On a recent expedition, National Geographic sent a crew to document the tradition.

The “land dive,” as we gawkers have come to know it, is called gol or nagol in the Sa language, which translates to "the body."

The wooden tower, sometimes 100 feet tall, is built to look like a body, too, according to Jolly:

“It has angles, knees, a belly, breasts, shoulders, a head, even genitals. The diving platforms that jut out from the tower are conceived of as the penes, and the struts underneath as the vaginas of the tower. The tower is thus arguably an exuberantly bisexual body, but it is only younger men who dive from it.”

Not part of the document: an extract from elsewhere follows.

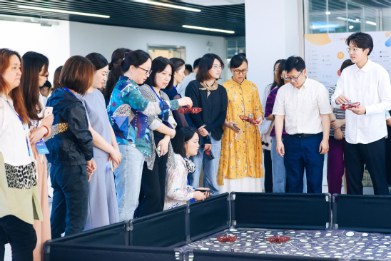 天华学院人工智能学院院长凌旭峰带来《幼儿行为数据的智能化采集和观察》主题讲座。讲座从人工智能学院八大项目建设成果、智慧教育、幼儿的行为观察,以及人工智能四个方面讲述了人工智能教育作为新兴技术在未来社会发展中的潜力和学前儿童观察和数据采集的重要性。当前,学前儿童的思维方式和学习方式都离不开媒体技术和人工智能技术的支持,利用人工智能技术辅助幼儿教育,不仅可以解决当前幼儿教育中存在的一些问题,还有利于幼儿教育在一定程度上实现自动化、智能化和个性化。讲座最后,凌旭峰博士和人工智能学院的师生还与园长们进行了多种形式的互动,现场体验了无人机和机器人操作,并运用激光标刻技术为园长制作了专属纪念徽章。
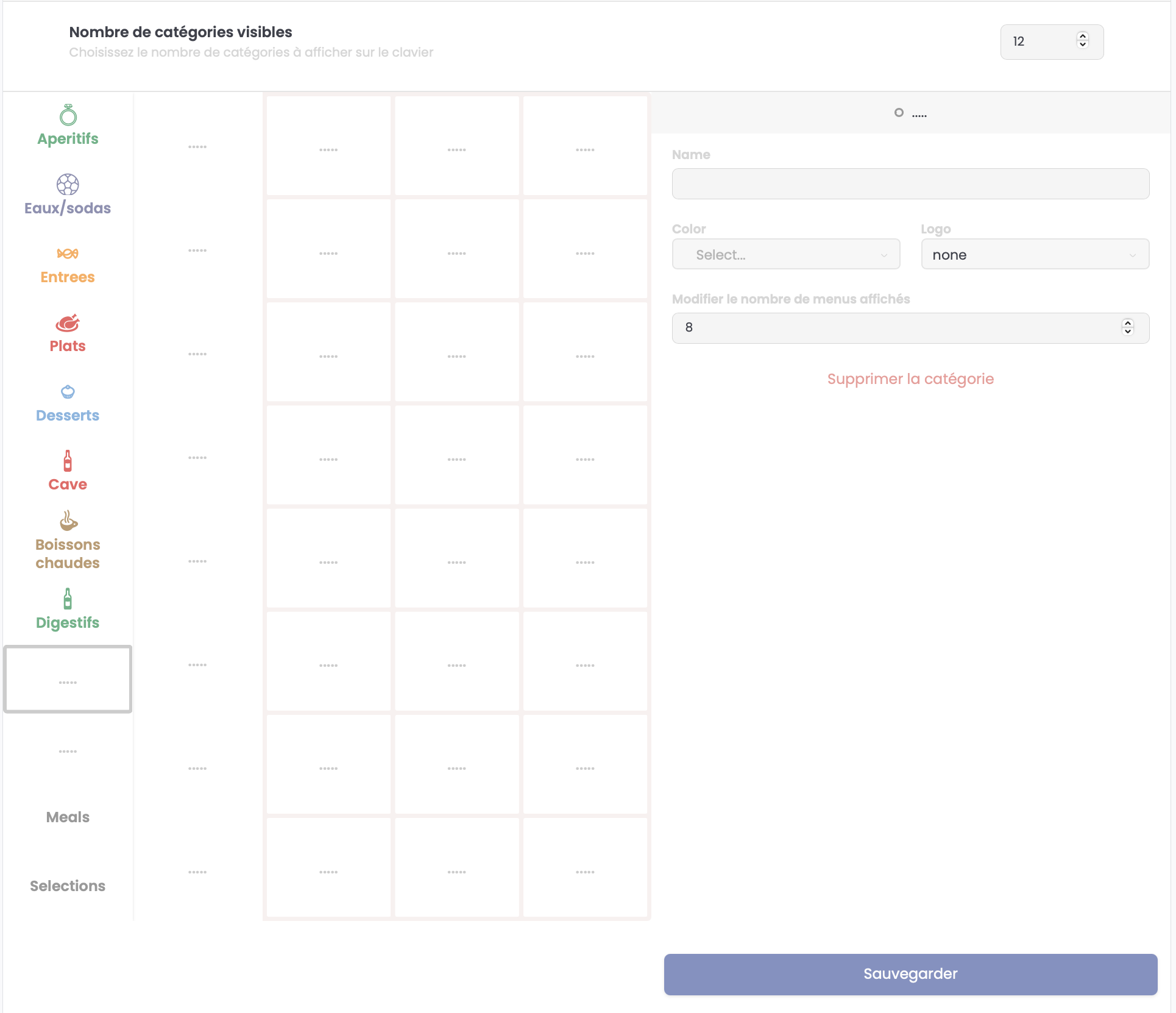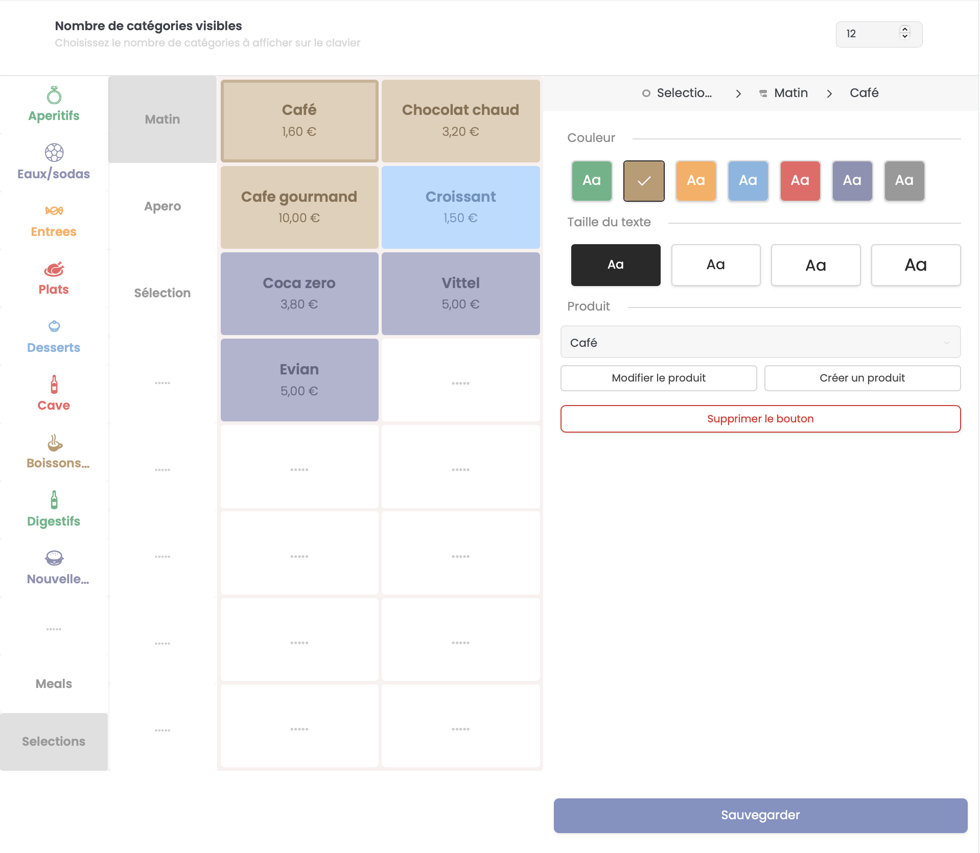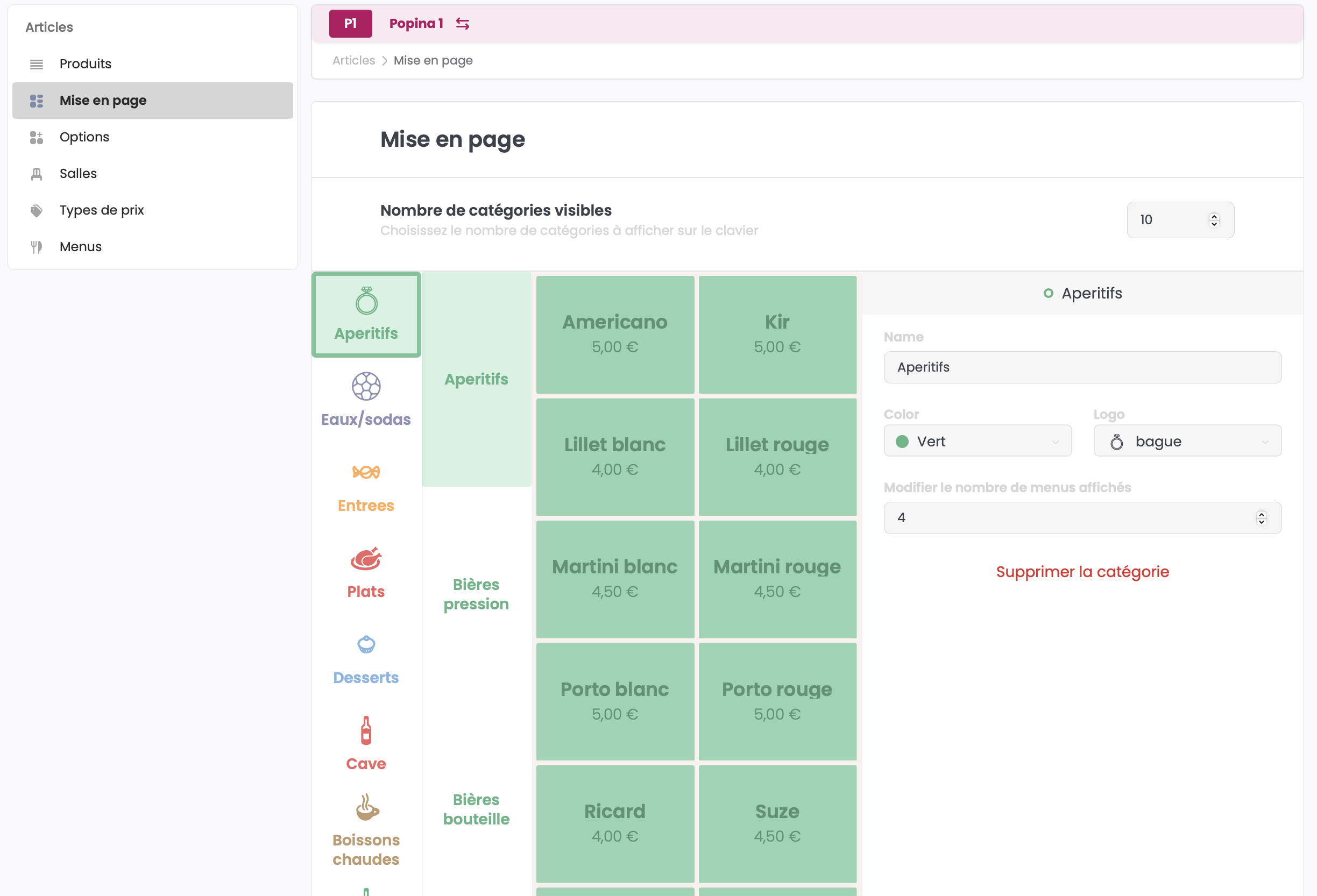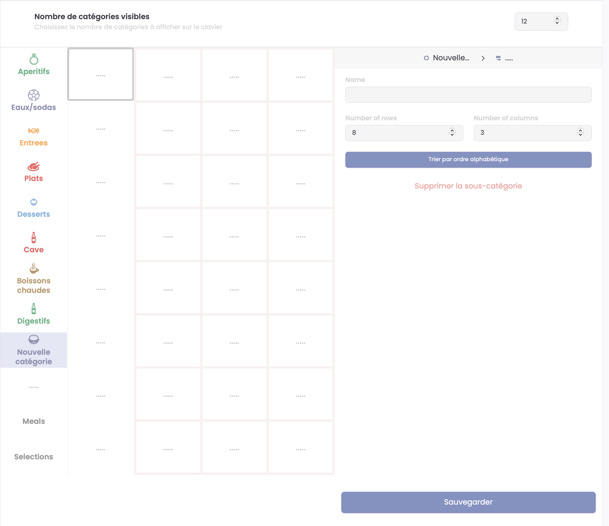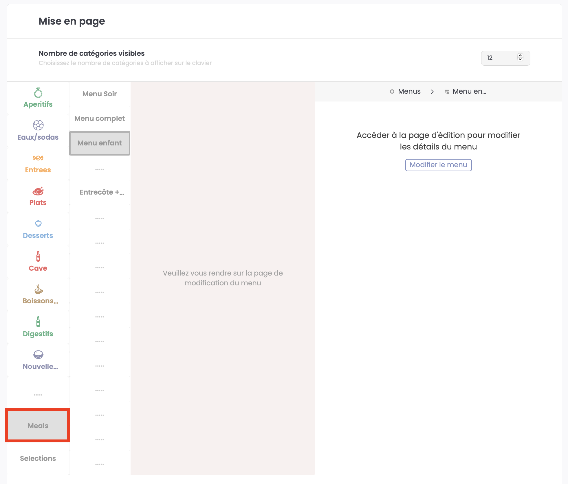 Vous pouvez définir le nombre de touches catégories que vous souhaitez afficher sur votre mise en page allant d'un minimum de 4 catégories jusqu'à 16 maximum.

NatGeo's Zoltan Istvan reports that the sexual connotations are rooted in the practice since its goal is to produce fertile land and a productive yam harvest. “Historically," Istvan says, "a diver's goal was to bless the soil by skimming the earth with the top of his head."

“But these days the ritual extends far beyond yams -- it underlies the foundation of tribal society in Pentecost. When a boy is ready for manhood, he proves his courage by jumping off the tower in view of his elders. Watching from the ground, the boy's mother holds a favorite item from his childhood. After his first jump, the item is thrown away, signifying he is no longer a child.”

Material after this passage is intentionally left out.